= Gary Woodward =

American author and professor (born 1946)

Gary C. Woodward (born July 12, 1946, in Denver, Colorado) is an American author and retired professor who has written about political communication, rhetoric and mass communication.

==Early life==
Woodward holds degrees in communication and rhetorical theory from California State University at Sacramento and the University of Pittsburgh (Ph.D. 1972). He has taught in both England and the United States.

==Career==
Woodward was a professor emeritus of rhetorical theory at The College of New Jersey (TCNJ). There, he taught courses in theories of persuasion, argumentation and debate, and the philosophy of communication, and served as chairperson of the Department of Communication Studies. He contributed to the definition of political communication and helped to distinguish the field from political science and mass media studies.

He co-authored two textbooks with Robert E. Denton, Jr.: Political Communication in America (first edition 1985, third edition 1999) and Persuasion and Influence in American Life (first edition 1988, eighth edition 2019). These books are used in communication courses at undergraduate and graduate levels, and have been cited in academic books and journals. Woodward is also the sole author of scholarly works on subjects including rhetorical theories, communications philosophy, political media, and listening.

Woodward's research has been supported by awards from the National Endowment for the Humanities, the John F. Kennedy Presidential Library, the Lyndon B. Johnson Presidential Library, CBS, and C-SPAN. He has published guest columns on communications topics for the Trenton Times and NJ.com. He is a member of the National Communication Association, Eastern Communication Association, New Jersey Council for the Humanities, and The Rhetoric Society of America. Woodward authors the blog theperfectresponse.com. and has written articles for several publications, including CNN.com, The Dallas Morning News, the Los Angeles Times, New York Times, and the Christian Science Monitor, among others.

==Selected works==
Authored works:

- Persuasive Encounters: Case Studies in Constructive Confrontation (1990)
- Perspectives on American Political Media (1997)
- Political Communication in America, 3rd edition (with Robert E. Denton, Jr.) (1999)
- The Idea of Identification (2003)
- Center Stage: Media and the Staging of American Politics (2007)
- The Perfect Response: Studies of The Rhetorical Personality (2010)
- The Rhetoric of Intention in Human Affairs (2013)
- Persuasion and Influence in American Life, 8th edition (with Robert E. Denton, Jr.) (2019)
- The Sonic Imperative: Sound in the Age of Screens (2021)

==Recognition==
Woodward was a fellow of the US National Endowment for the Humanities in 1980. He has held leadership positions at the National Communication Association and Eastern Communication Association and has been a speaker and panel chair at their conferences.

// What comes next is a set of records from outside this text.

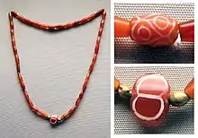 Ur Kraliyet Mezarları'nda bulunan bu kolyedeki kazınmış akik boncukların İndus Vadisi uygarlığından geldiği düşünülmektedir.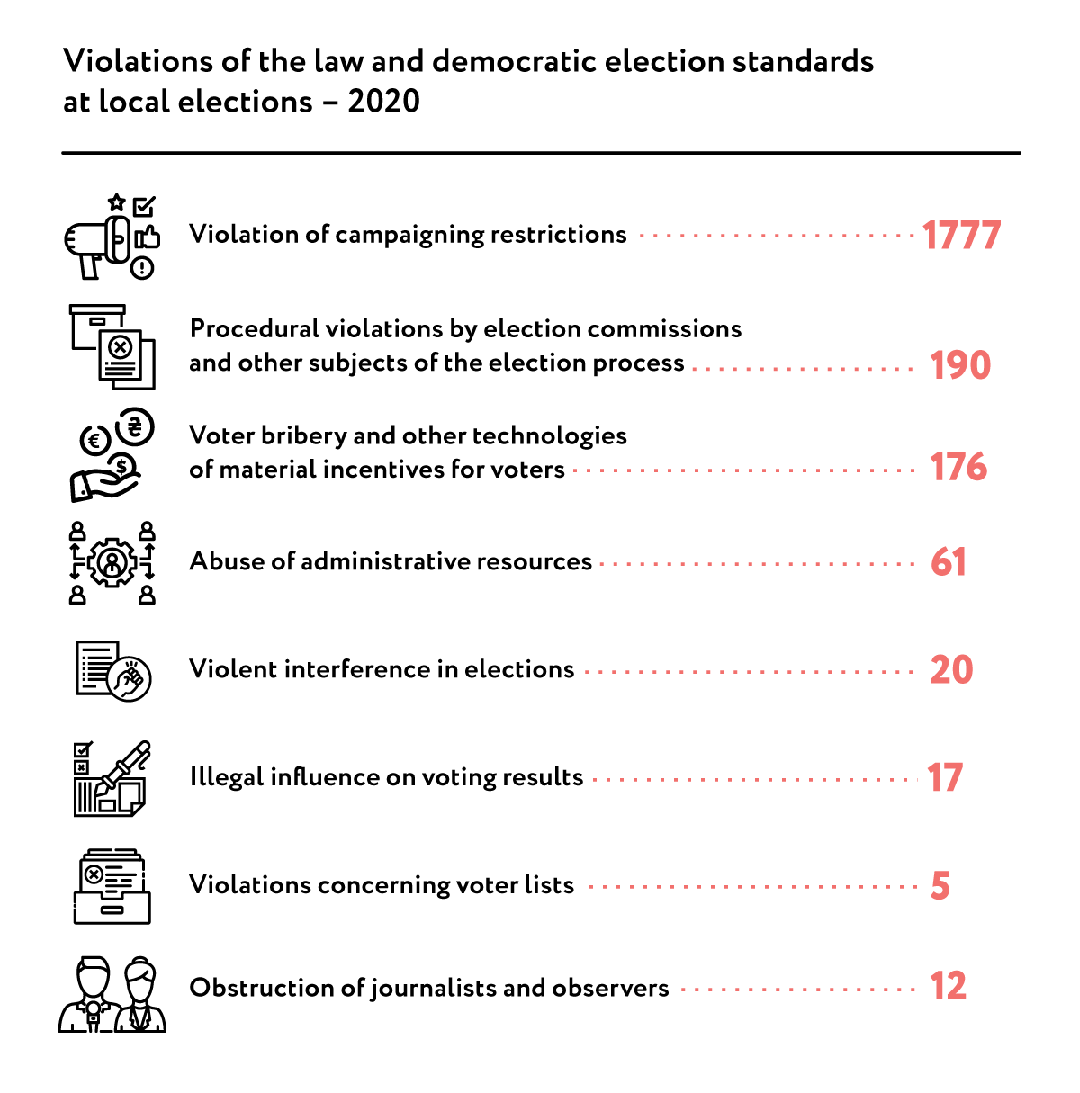 The 2020 local elections were held in unprecedented conditions associated with the spread of COVID-19. The specifics of anti-pandemic measures during the election process were not at all regulated by election legislation, but were established using by-laws. Prior to the election process, we called upon the parliament to regulate the framework requirements for elections under pandemic conditions through changes to the Electoral Code, which would facilitate the effective implementation of anti-pandemic measures by the state, local governments, and election administrators. Legislative regulation of the specifics of holding elections during a pandemic would also have boosted the public legitimacy of the measures taken. Unfortunately, the necessary legislative changes were not adopted, which had a negative impact on the administration of the election process.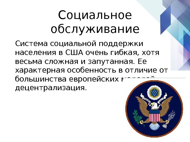 Социальное обслуживание Система социальной поддержки населения в США очень гибкая, хотя весьма сложная и запутанная. Ее характерная особенность в отличие от большинства европейских моделей децентрализация.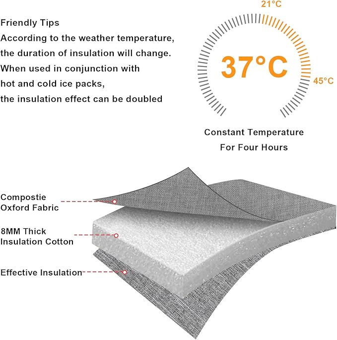 • MATERIALS: Made of water-resistant composite oxford fabric, 8mm extra-thick EPE foam and food-grade aluminum foil liner. Food safe, durable, lightweight. Effectively keep bottles stay cold, warm or fresh for hours, it keeps breast milk fresh.

Upon its publication in 1986, Political Communication in America was highlighted in American Political Science Review, Presidential Studies Quarterly, Western Political Quarterly, and Journalism and Mass Communication Quarterly. Political Communication in America was selected in 1988 by the Department of Education Office of Educational Research and Improvement as one of thirty important books on "Governmental-Political Communication," and has been cited in scholarly work for over 35 years. Persuasion and Influence in American Life was examined in a meta-analysis published by Communication Education as an effective textbook for teaching persuasion techniques.

The Idea of Identification (2003) was reviewed by The Southern Communication Journal; The Perfect Response: Studies of The Rhetorical Personality (2010), was reviewed in Mass Communication and Society; and The Rhetoric of Intention in Human Affairs (2013) was reviewed by the Kenneth Burke Society. The Sonic Imperative: Sound in the Age of Screens (2021), was highlighted by a presentation to the Sarnoff Collection, a museum dedicated to RCA chairman David Sarnoff's life.

==Personal life==
Woodward lives in Lambertville, New Jersey.